Это правда. Мир был подготовлен плохо. Можно сказать, что в 1995 году я застала его врасплох.
– Жить можно только в воображаемом мире, – говорил папа.
Так и жили. Писали, красили, иллюстрировали.
И поэтому я решила поступать в Муху на книжную графику. Но после того как на консультации меня попросили стереть у русалки хвост и дорисовать две ноги, я поняла, что тут у меня не заладится.
На монументалку идти по папиным стопам? Не женское это дело, сказал папа.
Мебель? Но ничего личного у меня к мебели не было, разве что дома у нас на баночках гороха «Бондюэль» покоился старинный стол – ещё от прабабушек… Это было странное сочетание, и гости не понимали, что это – дизайн или наш стратегический запас: в случае стихийного бедствия кто куда, а мы к баночкам «Бондюэль». На самом деле – стол был просто низкий, и баночки гороха его «возвышали»; это была временная опора, которую позже сменили баночки с персиками.
Как-то раз (дело было ещё в школе) ко мне пришёл Артём – помогать с алгеброй («Любовь – это помогать ей перед экзаменом». Значит, то была всё же любовь?). Он увидел эти баночки с персиками и сказал:
– О, у вас перестановка!..
В общем, перебрав все факультеты, я остановилась на художественном текстиле.
– Будешь работать на заводе – ковры ткать.
– Не буду.
– Будешь шторы расписывать.
– Не хочу.
– А чего ты хочешь?
Хотелось рисовать русалок.
– Художнику всё равно что портить, были бы краски. А рисовать можно на чём угодно: на дереве, на бумаге, на ткани…
Это правда.
Между прочим, кузнецы сегодня называют себя художниками по металлу, столяры – художниками по дереву, портные – стилистами.
И все вместе – дизайнеры. Блин.
А вот во времена Штиглица нас бы называли «учёными рисовальщиками»…
Её зовут Макошь. Языческая богиня земли и ткачества. Великая ткачиха пряла не только пряжу, но и нити человеческой судьбы.
Свою судьбу она тоже устроила, спряла. На орнаментах древнерусских вышивок Макошь изображена с протянутыми к небу руками. Небо – её муж, бог-кузнец Сварог. Земля держит небо, небо держит землю – равновесие мира происходит через прикосновение этих влюбленных, говорят мифы. Красиво говорят.

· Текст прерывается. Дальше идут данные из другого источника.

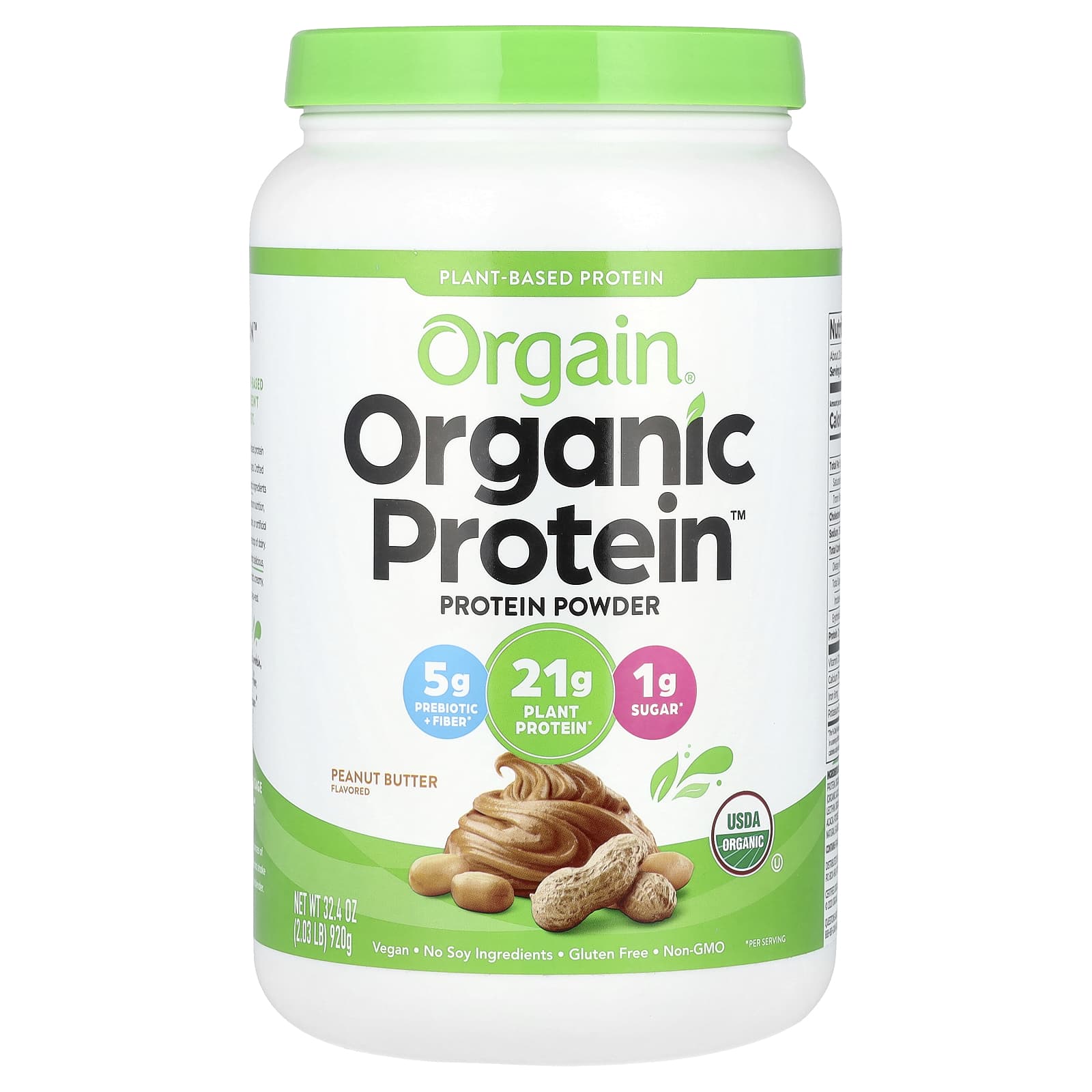 Orgain Proteína em Pó Orgânica à Base de Plantas Manteiga de Amendoim 920 g (203 lb) – Orgain Nutrição Esportiva Proteína Proteína Vegetal Mistura Proteica à Base de Plantas.

Иногда она держит птиц. Это её сестры-помощницы – Доля и Недоля.
Сейчас таких богинь в огромном количестве выпускает наша Академия Штиглица.
Я заправляю ткацкий станок. Кручу вал. Протягиваю нити основы в ремизки… закрепляю на переднем валу… отматываю. И когда вертикальная система нитей уходит куда-то за горизонт огромного ткацкого станка (это только мне неинтересно или всем?), начинаю ткать, впуская первую синюю нить утка́ сквозь основу. Чувствуя себя то Макошью – богиней ткачества и распорядительницей судеб, то просто ткачихой, спустившейся с антресолей.
Идёт неспешная размеренная работа. Ткацкая пуста. И, кажется, можно услышать, как дышит пыль. Под равномерное её дыхание я тку гобелен. Челнок снуёт из стороны в сторону, пропуская уто́к через основу и погружаясь в сон. В вещий сон вещей.
Я выхожу из Соляного городка, иду к набережной Фонтанки. Там обычно стоит женщина, кормящая чаек.
Чайки очень любят сильный ветер. Больше чаек сильный ветер любит только моя мама. Чайки начинают летать, лавируя между потоками ветра и время от времени замирая. А мама говорит, что взлететь можно с помощью ветра и шляпы. Она уже летала так однажды во сне в Кишинёв. На следующее утро звонили знакомые: «Ты была в Кишинёве?! Тебя видели!..» Значит, и правда летала. Раз люди видели.
Седая женщина в красном плаще кормит чаек хлебом. Но чайки не могут оторваться от ветра. А ветер, мешая хлебным крошкам попасть в Фонтанку, относит их на асфальт к ногам женщины. Их подбирает пара голубей.
Женщина настырно кидает хлеб чайкам.
– Не едят! Не едят, глупые! Обжоры вы! Вы две обжоры! – кричит она голубям и переводит взгляд на меня. – На! Держи! Ты корми! Я устала.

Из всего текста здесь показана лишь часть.